Allison wouldn’t say whether his firm is paid on commission.
From 2006 to 2014, records show Advantous Consulting and its principals also donated more than $144,000 to various lawmakers’ campaigns and political action committees, making the company one of the most generous donors in Louisiana politics.
Allison said his firm contributes to campaigns because he has many friends in the Legislature.
“The Legislature is a thankless job of good people trying to do that work,” Allison said. “I’m willing to help some of them.”

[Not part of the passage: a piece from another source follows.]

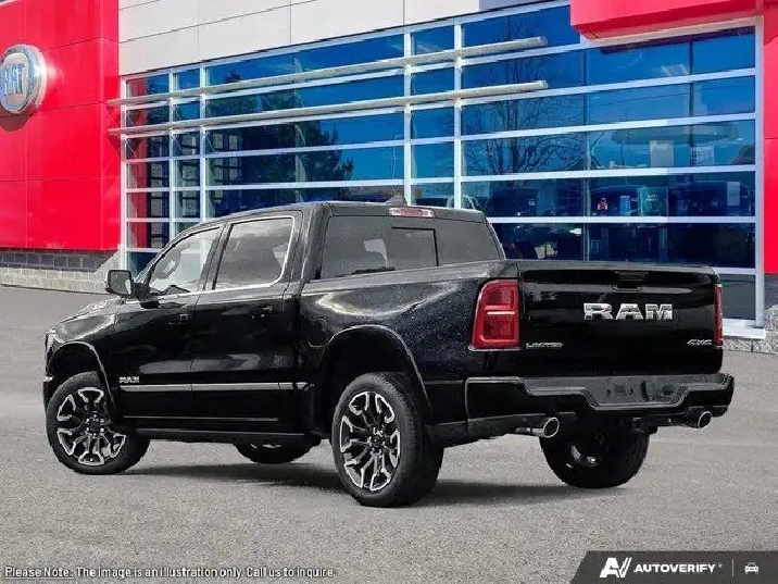 - WHEELS: 22 X 9 PREMIUM BLACK-PAINTED ALUMINUM,E-LOCKER REAR AXLE,BED UTILITY GROUP -inc: 4 MOPAR Adjustable Cargo Tie-Down Hooks Truck Bed Cargo Divider Exterior 115V Auxiliary Power Outlet,TRI-FOLD SOFT TONNEAU COVER,RADIO: UCONNECT 5 NAV W/14.4 DISPLAY,LIMITED LEVEL A EQUIPMENT GROUP -inc: Surround View Camera System LED Centre High-Mounted Stop Lamps Tri-Fold Soft Tonneau Cover Radio: Uconnect 5 Nav w/14.4 Display Traffic Sign Recognition RamBox Cargo Management System Hands-Free Active Driving Assist System Head-Up Display Evasive Steer Assist Drowsy Driver Detection Exterior 115V Auxiliary Power Outlet Intersection Collision Assist System Smartphone As A Key 14.4 Touchscreen Display 240 Amp Alternator Digital Rearview Mirror w/Autodim 12-Way/1-Way Trailer Connector,ENGINE: 3.0L I6 HO TWIN TURBO W/ESS (STD),NIGHT EDITION -inc: Tires: 285/45R22XL BSW All Season Black Headlamp Bezels Wheels: 22 x 9 Premium Black-Painted Aluminum Pirelli Brand Tires Accent Colour Door Handles Body-Colour Front Bumper Body-Colour Rear Bumper w/Step Pads Black Painted Exterior Mirror Caps Black RAM Grille Badge Accent-Colour Premium Power Mirrors Sport Performance Hood Black Exterior Badging Black Daylight Opening Mouldings Accent Colour Tailgate Handle Black Dual Exhaust Tips Black Grille w/Bright Surround Black Tail Lamp Bezels,TRANSMISSION: 8-SPEED AUTOMATIC (STD),QUICK ORDER PACKAGE 22M LIMITED -inc: Engine: 3.0L I6 HO Twin Turbo w/ESS Transmission: 8-Speed Automatic,BLACK PREMIUM QUILTED LEATHER-FACED BUCKET SEATS,DIAMOND BLACK CRYSTAL PEARL,DUAL-PANE PANORAMIC SUNROOF -inc: LED Dome Reading Lamp LED Dual Dome Reading Lamps,TRAILER BRAKE CONTROL,TIRES: 285/45R22XL BSW ALL SEASON,Air Suspension,Tow Hitch,Four Wheel Drive,Turbocharged,Satellite Radio,Bluetooth Connection,Power Retractable Running Boards,Rain Sensing Wipers,Fog Lamps,LED Headlights,Power Door Locks,HD Radio,Running Boards/Side Steps,AM/FM Stereo,Premium Sound System,Requires Subscription,Heated Mirrors,Intermittent Wipers,MP3 Capability,Daytime Running Lights,Premium Sound System,Requires Subscription,Steering Wheel Audio Controls,Navigation System,Power Folding Mirrors,Automatic Highbeams,Satellite Radio,Variable Speed Intermittent Wipers,Auxiliary Audio Input,HD Radio,Rear Defrost,Automatic Headlights,Privacy Glass,Aluminum Wheels,Power Steering,4-Wheel Disc Brakes,Tow Hooks,Air Suspension,Tires - Front Performance,ABS,Seat-Massage,Power Door Locks,Air Suspension,Locking/Limited Slip Differential,Brake Assist,Integrated Turn Signal Mirrors,Bed Liner,Power Mirror(s),Tires - Rear Performance,Conventional Spare Tire,Keyless Entry,Heated Rear Seat(s),Smart Device Integration,Power Door Locks,Multi-Zone A/C,Lane Departure Warning,Driver Adjustable Lumbar,Passenger Adjustable Lumbar,Trip Computer,Power Windows,Adjustable Pedals,Driver Vanity Mirror,Remote Engine Start,Leather Steering Wheel,Driver Adjustable Lumbar,Adjustable Steering Wheel,Leather Seats,Seat Memory,Navigation System,Power Door Locks,Front Collision Mitigation,Blind Spot Monitor,Smart Device Integration,Cooled Front Seat(s),Immobilizer,Heated Front Seat(s),Keyless Entry,Cross-Traffic Alert,Requires Subscription,Lane Departure Warning,Cruise Control Steering Assist,Stability Control,A/C,Heated Rear Seat(s),Rear Parking Aid,Rear Bench Seat,Front Side Air Bag,Traction Control,Back-Up Camera,Cooled Rear Seat(s),Traction Control,Lane Keeping Assist,Child Safety Locks,Bluetooth Connection,Woodgrain Interior Trim,Seat-Massage,Passenger Illuminated Visor Mirror,Cruise Control,Keyless Start,Power Driver Seat,Driver Air Bag,Security System,Auto-Dimming Rearview Mirror,Seat-Massage,Heated Rear Seat(s),Passenger Air Bag Sensor,Universal Garage Door Opener,Rear Head Air Bag,Passenger Air Bag,Smart Device Integration,Cooled Rear Seat(s),Front Head Air Bag,WiFi Hotspot,Remote Engine Start,Heated Front Seat(s),Power Passenger Seat,Floor Mats,Bucket Seats,Adaptive Cruise Control,Passenger Vanity Mirror,Mirror Memory,Heated Steering Wheel,Mirror Memory,Keyless Start,Driver Illuminated Vanity Mirror,Climate Control,Pass-Through Rear Seat,Tire Pressure Monitor,Trip Computer,Power Windows

Asked what he does when lawmakers propose cuts to tax-credit programs, Allison said he does what any business owner with a stake in the outcome would do. “We certainly monitor legislation like any business would and try to stay on top of that,” he said.
Allison said he hasn’t resisted every effort to rein in tax credits. For instance, he said, he did not fight a bill the Legislature passed last year to stop giving Enterprise Zone tax credits for the creation of part-time jobs and to kick out “big-box” retailers, other than grocers and pharmacies that actually locate in the zones.
He said the business interests he represents had mixed views on the legislation, but he believed the changes would fix many of the program’s shortcomings.
As the tax consulting industry grows, it occasionally has led public employees involved in tax administration across the aisle and into the private sector.
In August, Ryan LLC, one of the nation’s largest tax service firms, hired Jason DeCuir away from the Louisiana Department of Revenue.
Ryan, which has a reputation for being aggressively involved in tax policy, particularly in its home state of Texas, occasionally works with businesses receiving credits through the Quality Jobs and Industrial Tax Exemption programs in Louisiana.
Recently, the company advocated for the passage of a bill that created sales and use tax rebates for procurement processing companies, and now Ryan stays busy with Louisiana businesses taking advantage of the exemption. That rebate is administered by the Department of Revenue, where DeCuir until recently served as executive counsel.
“His knowledge of complex tax, legislative and regulatory issues will be invaluable in the development and execution of effective public affairs strategies for our clients,” Ryan CEO G. Brint Ryan said in a September news release announcing DeCuir’s new job.
DeCuir said in an interview that he’ll be working with businesses seeking the tax exemptions, as well as lobbying the Legislature on policy. He said he will stay away from any matters that he worked on while he was at the Department of Revenue to avoid any appearance of a conflict.
Tax consultants aren’t the only ones making it difficult to tinker with the state’s incentive programs.
State Sen. Jack Donahue, R-Mandeville, noted that Gov. Bobby Jindal vetoed a bill that would have simply required the Revenue Estimating Conference to estimate and approve the annual expenditure of tax incentives; Jindal complained the bill would have had a chilling effect on business.
While Donahue disagreed with the governor, it doesn’t bother him to see businesses or tax consultants acting in their own self-interest. “That’s the nature of the beast,” Donahue said. “Lobbyists are always on one side or the other, and I don’t have a problem with them doing their job.”
Allison said tax credits make easy targets for legislators and skeptics, but he disagrees with the criticism.
“It’s really sexy right now in the Capitol to bash tax exemptions,” Allison said. “People think there’s some huge amount of revenue if all of these were repealed and money would be flowing back to the state coffers.”
In fact, he said, the programs accomplish their intended purpose: influencing business owners’ decisions to locate in Louisiana and hire local people.
“The programs we’re talking about require job creation and investment to even get the credit,” Allison said. “These do affect business decisions. Businesses are out there looking at the tax code.”